> [How to complete this task] Write down the listing again exactly as it appears below, without its pictures.

> [Material provided]
---

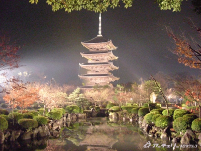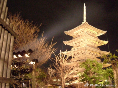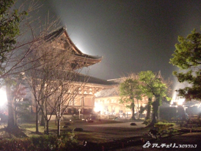 五重塔と、お庭です。大ルーズショットがあった為、お庭、金堂、講堂とほとんどのところをライトアップしました。
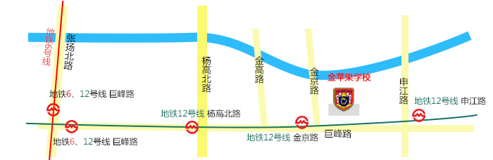 学校地址:浦东新区巨峰路1555号,毗邻上海自由贸易区,地理位置优越。交通四通八达,地铁 12号线、地铁6号线就在学校大门口,还有多条公交路线直达人民广场、陆家嘴金融贸易区等闹市,交通极其便捷,给全校师生的日常工作生活都带来极大的便利。
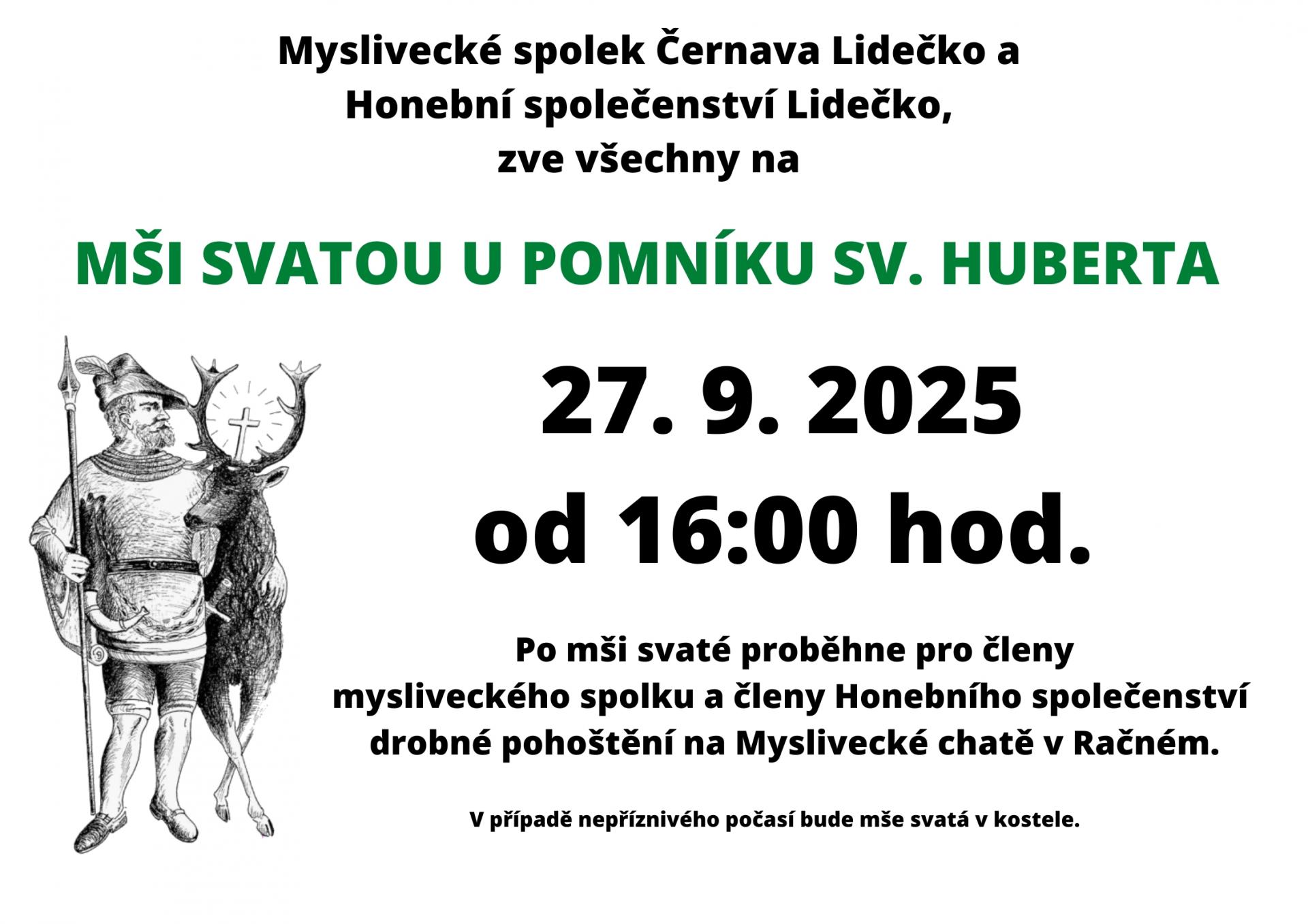 Myslivecký spolek Černava Lidečko a Honební společenství Lidečko zvou členy mysliveckého spolku a členy Honebního společenstva na tradiční mši svatou u pomníku sv. Huberta v Račném, která se uskuteční v sobotu 27. září 2025 v 16:00 hodin. Za nepříznivého počasí bude mše sloužena v kostele v Lidečku. Po mši svaté bude na myslivecké chatě v Račném drobné pohoštění. Srdečně zvou myslivci a Honební společenstvo.

---

> [Answer to this exercise]
 五重塔と、お庭です。大ルーズショットがあった為、お庭、金堂、講堂とほとんどのところをライトアップしました。
 学校地址:浦东新区巨峰路1555号,毗邻上海自由贸易区,地理位置优越。交通四通八达,地铁 12号线、地铁6号线就在学校大门口,还有多条公交路线直达人民广场、陆家嘴金融贸易区等闹市,交通极其便捷,给全校师生的日常工作生活都带来极大的便利。
 Myslivecký spolek Černava Lidečko a Honební společenství Lidečko zvou členy mysliveckého spolku a členy Honebního společenstva na tradiční mši svatou u pomníku sv. Huberta v Račném, která se uskuteční v sobotu 27. září 2025 v 16:00 hodin. Za nepříznivého počasí bude mše sloužena v kostele v Lidečku. Po mši svaté bude na myslivecké chatě v Račném drobné pohoštění. Srdečně zvou myslivci a Honební společenstvo.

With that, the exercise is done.